Export of United States produce to Brazil...

This increased export does not appear to suffice for the compensation of the large increase in the value of coffee purchased, and it is time that some movement were made to check English influence in that quarter and induce Brazil to place her best coffee customer at least on as favorable footing as others.

Considerable ingenuity has been displayed in devising apparatus for preparing coffee for the table. The ordinary coffee-pot is the plainest and simplest of all; there is no contrivance for filtering the coffee. In Dresden and other parts of Germany, a thick piece of flannel, or some other woven material, is laid in a funnel, the ground coffee is placed on the flannel, and the boiling water filters through the coffee, the flannel, and the funnel, to a

vessel below-carrying with it the flavor of the coffee without the grounds or sediment.

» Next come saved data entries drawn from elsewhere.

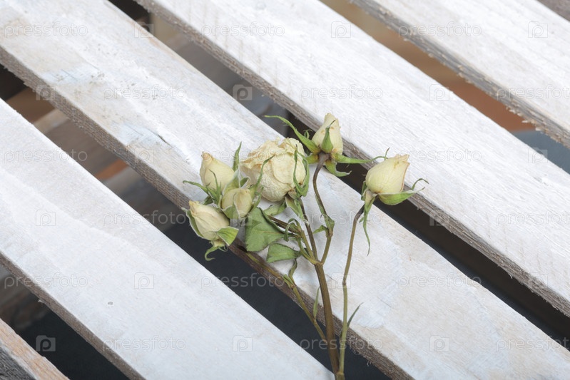 Сушеные бежевые розы. Они лежат на деревянных досках, выкрашенных белой краской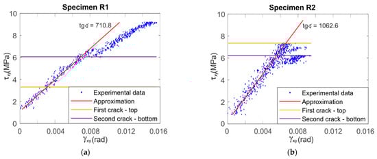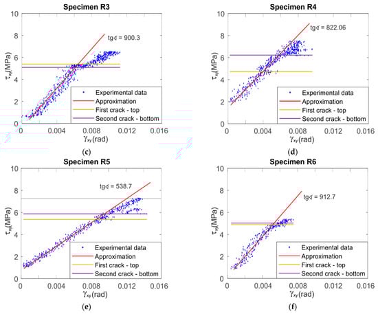 Figure 9 and Figure 10 show the stress–strain relationships for LR,L and LR,R specimens, respectively. The shear angles were taken from Expression (2) for the central point. The red lines show a linear fit in the range of results from 0.25 of the ultimate force up to the moment of failure. The LR,L specimens present a brittle failure (Figure 9), while LR,R present a linear behavior up to the first crack. After the crack, the specimen is changing the configuration and the specimen is slightly rotating and deforming, which is why the experimental points seem to lay on each other, due to stress loss after the crack, especially on the specimens shown in Figure 10b,e. The obtained LR,L average modulus of shear is approximately 350 MPa, while that of LR,R is approximately 840 MPa. These results are similar to those shown above in Table 1 and Table 2. This confirms the validity of the previously adopted methods.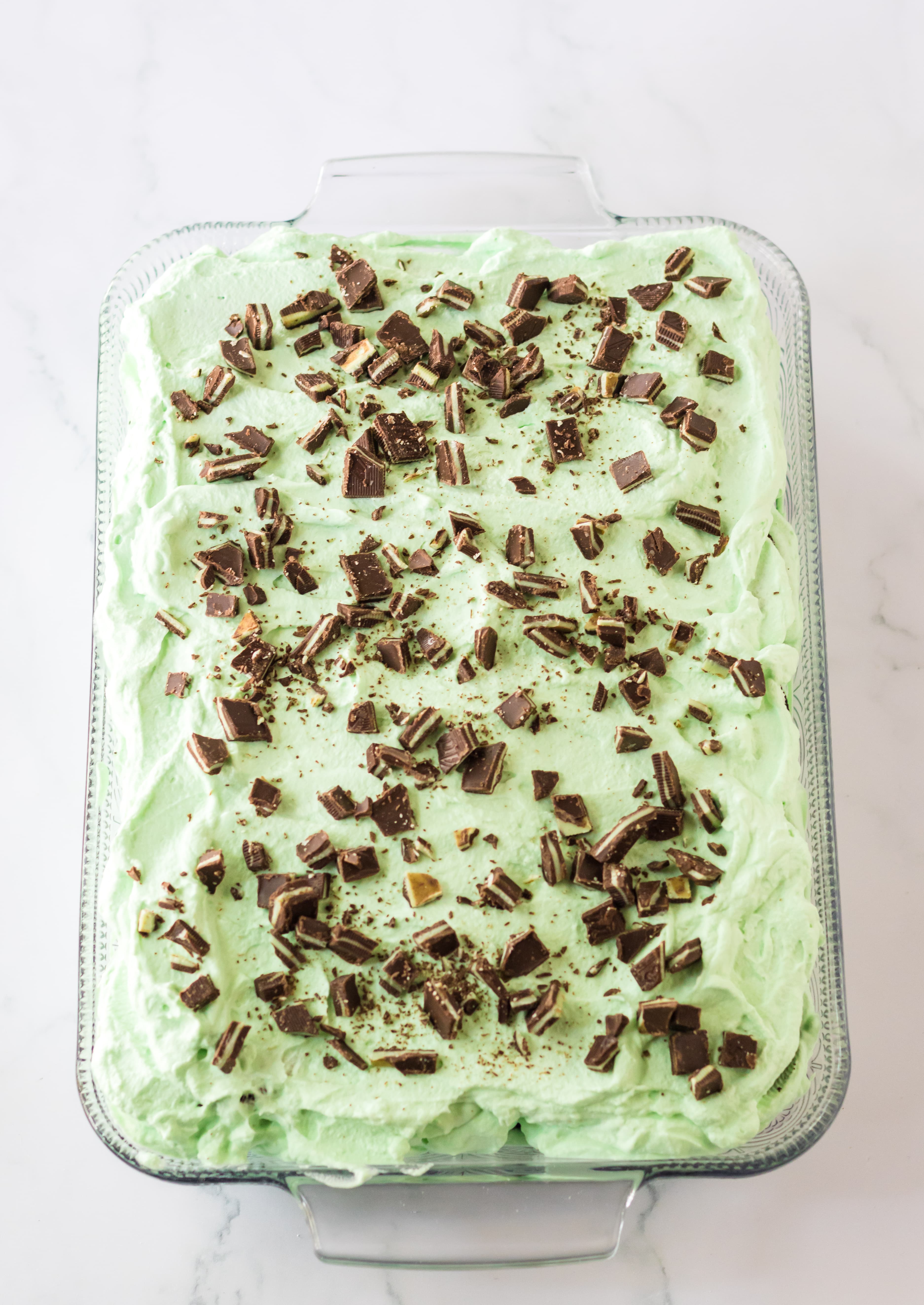 This version is perfect for summer. Mint cream layers with oreo cookies for a fabulous dessert. The whole thing chills overnight so the cookies get nice and soft like little layers of cake. Then you slice it and serve!!

Platow's Automaton Coffee-Pot has for its object to make coffee in less time and in a better manner than by the ordinary method. The machine consists of two parts. There is at the top a glass vase which screws off and on by means of wooden handles, and is furnished with a long narrow straight tube, resembling the pipe of a common funnel, and reaching nearly to the bottom of a metallic urn placed beneath the vase. Boiling water is poured into the vase in quantity sufficient for the coffee to be made; and this is allowed to descend into the urn. The ground coffee is then placed within the vase, on a small perforated silver plate. A lamp containing spirit or naphtha is placed beneath the urn, and in a short time the peculiar action of the apparatus develops itself. The steam formed on the surface of the water in the urn forces, by its elasticity, the water up the tube into the glass vase; where it acts upon the coffee in the usual way for extracting the qualities of the berry. When the coffee is so far prepared and is required to be fined, the lamp is removed, the formation of steam ceases, a partial vacuum is formed in the urn, and the external atmosphere, pressing on the open vase, presses or strains the coffee, first through the grounds and then through the perforated silver plate, so that it trickles into the urn in the state of a pure bright decoction. It is thus seen that the liquid makes two descents and one ascent between the vase and the urn, during the process. In a cheaper form of the apparatus, a common fire or lamp is used instead of a spirit lamp.

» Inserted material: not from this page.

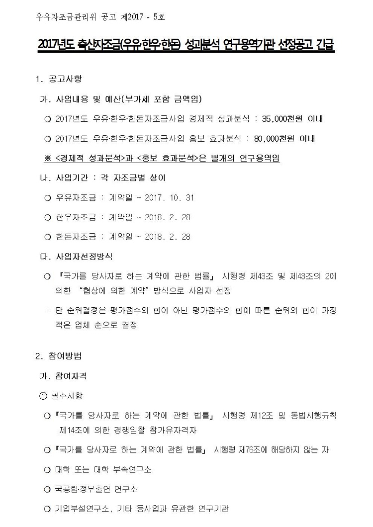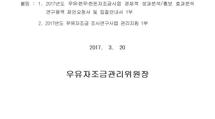 2017년도 한우자조금 해외연수 대행기관선정 입찰 공고

A coffee-pot of rather complicated structure was patented by Mr. Andrews of Wolverhampton in 1842. This coffee-pot had no less an adjunct than a small forcing-pump, placed near the handle. The boiling water was poured in the forcing-pump, while the ground coffee was put in a perforated vessel in the middle of the coffee-pot, and the hot water being forced by the pump, was made to saturate the ground coffee in a way which (we presume) was supposed to produce a result adequate to the costliness of the apparatus.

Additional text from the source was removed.